From f0c74832b6e9c27de395cedb8a0ffcc0c5587474 Mon Sep 17 00:00:00 2001
From: Felix Weiglhofer <weiglhofer@fias.uni-frankfurt.de>
Date: Mon, 19 Jun 2023 16:43:05 +0000
Subject: [PATCH] algo: Enable parallel sorting when libTBB is available.

---
 algo/CMakeLists.txt             | 15 ++++++++++
 algo/base/BuildInfo.h           |  7 +++++
 algo/base/compat/Algorithm.h    | 51 +++++++++++++++++++++++++++++++
 algo/unpack/Unpack.cxx          | 53 +++++++++++----------------------
 reco/tasks/CMakeLists.txt       | 21 -------------
 reco/tasks/CbmTaskUnpack.cxx    |  3 --
 reco/tasks/CbmTaskUnpackXpu.cxx | 15 ++++------
 7 files changed, 95 insertions(+), 70 deletions(-)
 create mode 100644 algo/base/compat/Algorithm.h

diff --git a/algo/CMakeLists.txt b/algo/CMakeLists.txt
index 9d8de75311..eb3ee186eb 100644
--- a/algo/CMakeLists.txt
+++ b/algo/CMakeLists.txt
@@ -87,6 +87,21 @@ target_link_libraries(Algo
 target_compile_definitions(Algo PUBLIC NO_ROOT)

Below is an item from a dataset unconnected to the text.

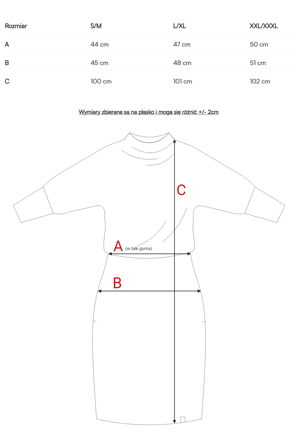 Fason tej sukienki sprawia, że leży ona dobrze na każdej sylwetce. Dopasowana spódnica o ołówkowym kroju i zbluzowana góra z kimonowymi rękawami zakończonymi ściągaczem, a wszystko to uszyte z miękkiej dzianiny bawełnianej - komfort i dobry styl. Wyprodukowano w Polsce.

 xpu_attach(Algo ${DEVICE_SRCS})
 
+# Try to enable parallel execution in c++17 if TBB is available
+if (CMAKE_SYSTEM_NAME STREQUAL "Linux")
+  list(APPEND CMAKE_PREFIX_PATH "/opt/intel/oneapi/tbb/latest/")
+  find_package(TBB)
+
+  if (TBB_FOUND)
+    message(STATUS "Found TBB")
+    add_compile_definitions(HAVE_TBB)
+    target_link_libraries(Algo PUBLIC TBB::tbb)
+  else()
+    message(STATUS "TBB not found")
+  endif()
+
+endif()
+
 install(TARGETS Algo DESTINATION lib)
 install(DIRECTORY base/compat TYPE INCLUDE FILES_MATCHING PATTERN "*.h")
 install(DIRECTORY base/config TYPE INCLUDE FILES_MATCHING PATTERN "*.h")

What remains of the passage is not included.